Now let's loop through each of the entries in our data frame, saving at each iteration the number of * characters. Let's then append these entries as an extra column to our DataFrame.
# Initialize list to save open reading frames
stop_codons = []
# Loop through protein sequences counting stop codons
for prot in df_prot.protein:
    stop_codons.append(prot.count('*'))
# Append number of stop codons as column to the dataframe
df_prot['num_stops'] = stop_codons
# Print head of expanded DataFrame
df_prot[['name', 'frame', 'num_stops']].head()
Now that we have the number of stop codons per sequence we need to find which species have at least one stop codon in all 3 ORFs. One of the powerful features about a pandas DataFrame is the way we can access the data. For example let's say we are interested in all the entries that have the aardvark species Orycteropus afer. For this we can use boolean indexing.
Boolean indexing allows us to feed an array full of True and False statements as an index for our DataFrame and it will only return the rows that were true. Let's look at this example.
df_prot[df_prot['name'] == 'Orycteropus_afer']
This is super awesome! We can use this to extract species by species the number of stop codons and then ask if all of them are greater than zero or not. This should return True if each ORF had at least one stop codon and False otherwise.
Let's look at how this would work. Using the same example as above let's ask if all the num_stops entries from the aardvark are greater than zero.
df_prot[df_prot['name'] == 'Orycteropus_afer'].num_stops > 0
As it is this returns the individual boolean statements. If we use the method .all() this will return a single boolean variable. It will be True if and only if all entries are True, and False otherwise.
(df_prot[df_prot['name'] == 'Orycteropus_afer'].num_stops > 0).all()
Let's now generate a new DataFrame where we save the name of the species and a column named all_stops that contains a boolean variable indicating if all ORFs had at least one stop codon.
# Initialize a DataFrame to save per species whether or not all 
# ORFs have stop codons
df_stops = pd.DataFrame(columns=['name', 'all_stops'])

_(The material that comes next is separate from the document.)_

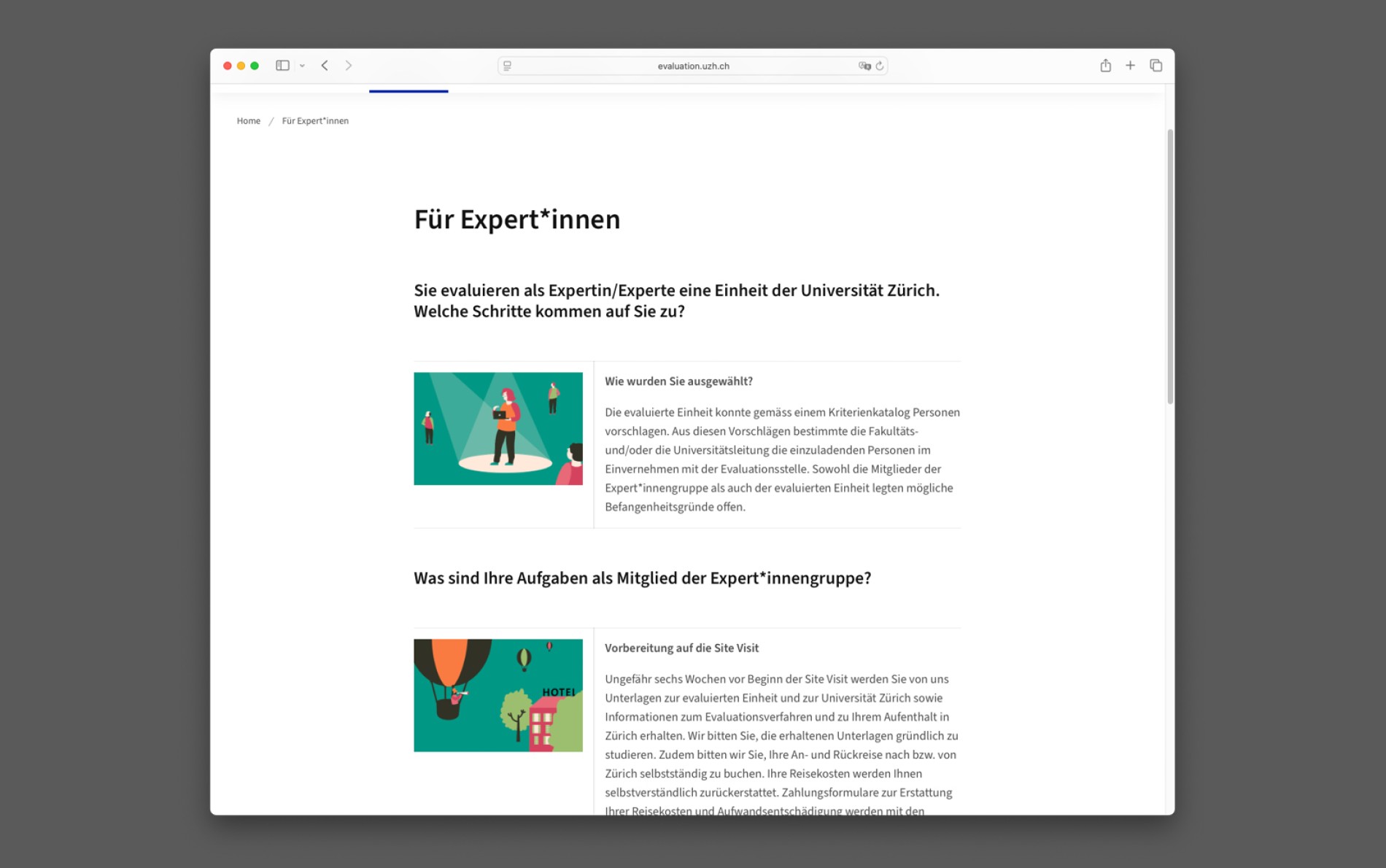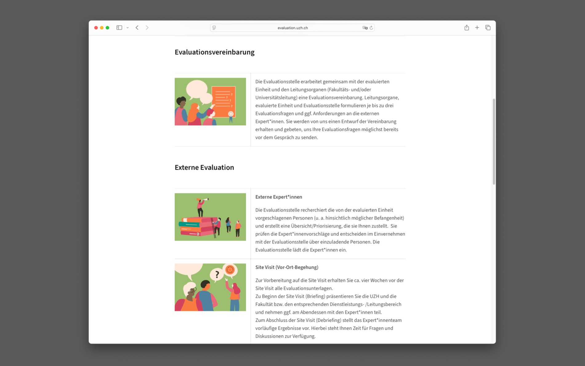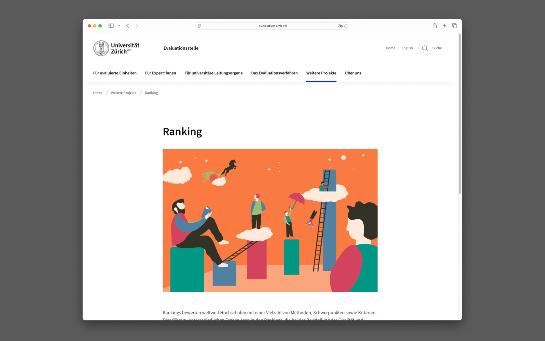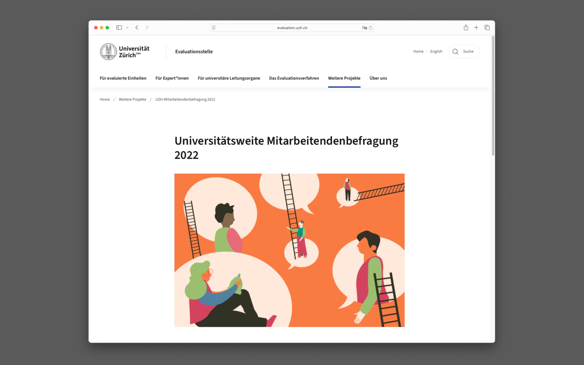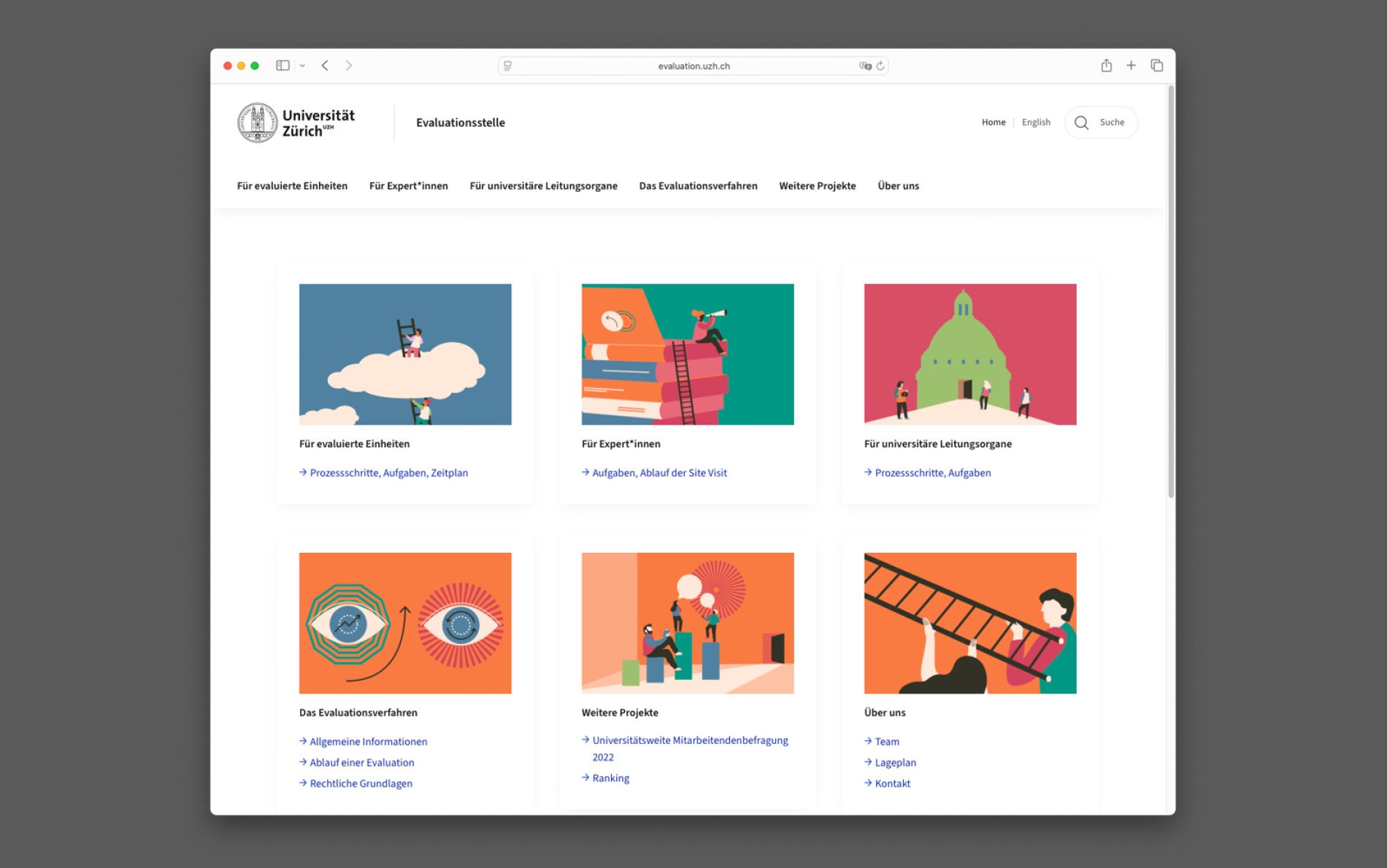 Für die Evaluationsstelle der Universität Zürich – zuständig für die unabhängige Begleitung und Bewertung von universitären Prozessen – entstand eine visuelle Identität, die mit Leichtigkeit, Klarheit und einem Augenzwinkern kommuniziert. Auf Basis des bestehenden Farbkonzepts wurden Nuancen feinjustiert, um Harmonie und Wiedererkennung zu stärken. Grafische Elemente aus der Welt der Infografik, kombiniert mit abstrahierten Leitermotiven als Symbol für die Prozesse, die die Qualität nach oben bringen, bilden das gestalterische Fundament. Die Illustrationen sind stilisiert, reduziert und divers. Der Stil ist zeitgemäss und doch zeitlos, so dass er über viele Jahre hinweg weitergeführt werden kann.

# Loop through species and ask if all frames have a stop codon
for species in enamel_name:
    # Extract the number of stops for the current species
    stops = df_prot[df_prot.name == species].num_stops
    # Ask if all ORFs have stop codons
    species_stop = (stops > 0).all()
    # Append result to DataFrame
    df_stops = df_stops.append(pd.Series([species, species_stop],
                                            index=['name', 'all_stops']),
                               ignore_index=True)
# Print header of DataFrame
df_stops.head()
Eureka! We now have the information we need to test Darwin's hypothesis. Let's find which species had a stop codon in all three ORFs. We can again use the powerful concept of boolean indexing asking which rows have a True in the all_stops column.
df_stops[df_stops.all_stops == True].name
Let's compare this list to the result from the Meredith et al. paper.

A close inspection of this tree will reveal that the 20 species that we found to have stop codons in all ORFs are all of the species in this tree that either have no teeth or their teeth contain no enamel! So yet another proof of the predictive power of Darwin's theory.
In this tutorial we learned how to perform basic sequence manipulations such as removing gaps, indexing and translating from DNA to amino-acids.
We also learned about the power of using pandas to contain and manipulate our data.
All of this with the final goal of testing a prediction that falls directly from Darwin's theory and our modern understanding of genetics. This hopefully gave you an idea of how powerful coding can be in the modern era of DNA sequencing.